# [Dataset section]
■ ■ ■

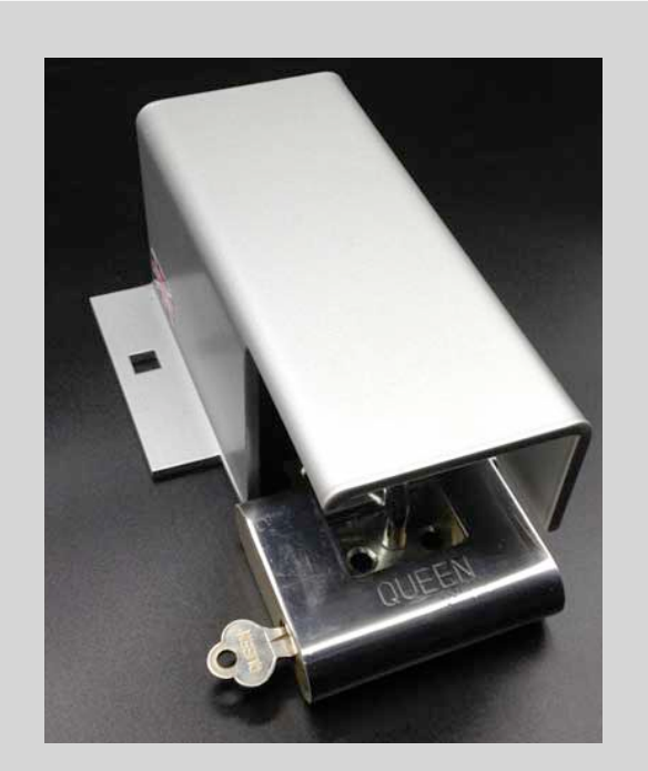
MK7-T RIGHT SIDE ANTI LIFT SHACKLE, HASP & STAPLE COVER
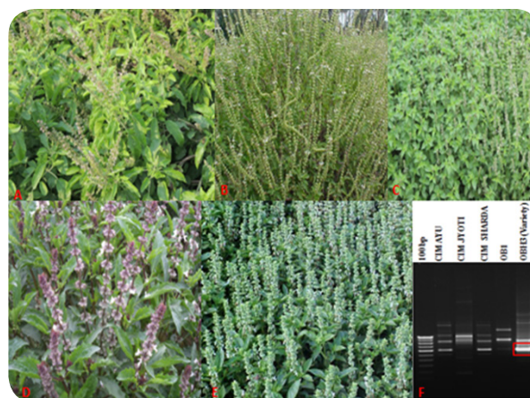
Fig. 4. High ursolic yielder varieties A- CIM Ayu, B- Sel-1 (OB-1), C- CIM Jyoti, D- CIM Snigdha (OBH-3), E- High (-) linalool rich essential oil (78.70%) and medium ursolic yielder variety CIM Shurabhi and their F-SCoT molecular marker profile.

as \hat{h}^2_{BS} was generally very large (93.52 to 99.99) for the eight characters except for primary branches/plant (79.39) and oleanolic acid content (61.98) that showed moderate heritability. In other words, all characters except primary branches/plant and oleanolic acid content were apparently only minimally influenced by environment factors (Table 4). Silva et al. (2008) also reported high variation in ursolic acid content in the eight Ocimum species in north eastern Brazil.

■ ■ ■

Determine how many lines of the listing above contain the string "ursolic", and answer with that figure alone.

2